# How do you implicitly differentiate 9=e^y/sin^2x-e^x/cos^2y?

Aug 19, 2017

$\frac{\mathrm{dy}}{\mathrm{dx}} = \frac{2 {e}^{y} {\csc}^{2} x \cot x + {e}^{x} {\sec}^{2} y}{{e}^{y} {\csc}^{2} x - 2 {e}^{x} {\sec}^{2} y \tan y}$

#### Explanation:

I'm going to use the fairly well-known trigonometric derivatives:

• $\frac{d}{\mathrm{dx}} \csc x = - \csc x \cot x$
• $\frac{d}{\mathrm{dx}} \sec x = \sec x \tan x$

First, I'll rewrite the function:

$9 = {e}^{y} {\csc}^{2} x - {e}^{x} {\sec}^{2} y$

When differentiating, we'll need to first use the product rule.
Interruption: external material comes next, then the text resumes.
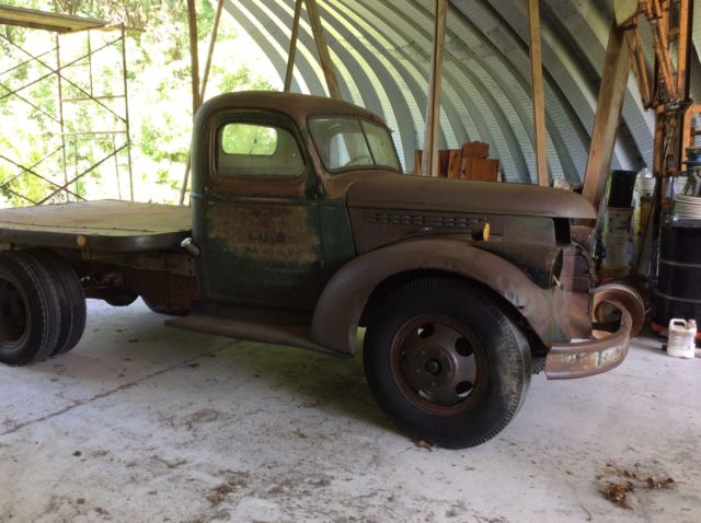 1.5 ton flatbed dually. 134.5 inch wheelbase. 222 7/8 inches long (~18.5 ft). 87.5 inches total width.13500 lbs GVW. Pulled out of barn in Great Falls Montana. Montana title in hand.Missing the grill and the seat but the rest apears to be here.May run but haven't tried because buyer may want a power plant swap.Hard to find them this rust free on this side of the country. Cabs like this can be placed on late model frames with modern running gear.Could be restored to original and utilized for a business to haul stuff.Could be used as a prop for the right business will pay for itself in no time.Selling my relics due to pending adoption expenses.Priced right considering condition rarity and cost to ship it from a dry state.Save yourself the hassle and cost of extensive body work. Also they are only original once!

$0 = \left(\frac{d}{\mathrm{dx}} {e}^{y}\right) {\csc}^{2} x + {e}^{y} \left(\frac{d}{\mathrm{dx}} {\csc}^{2} x\right) - \left(\frac{d}{\mathrm{dx}} {e}^{x}\right) {\sec}^{2} y - {e}^{x} \left(\frac{d}{\mathrm{dx}} {\sec}^{2} y\right)$

Don't forget that differentiating a function of $y$ with respect to $x$ will cause the chain rule to be in effect.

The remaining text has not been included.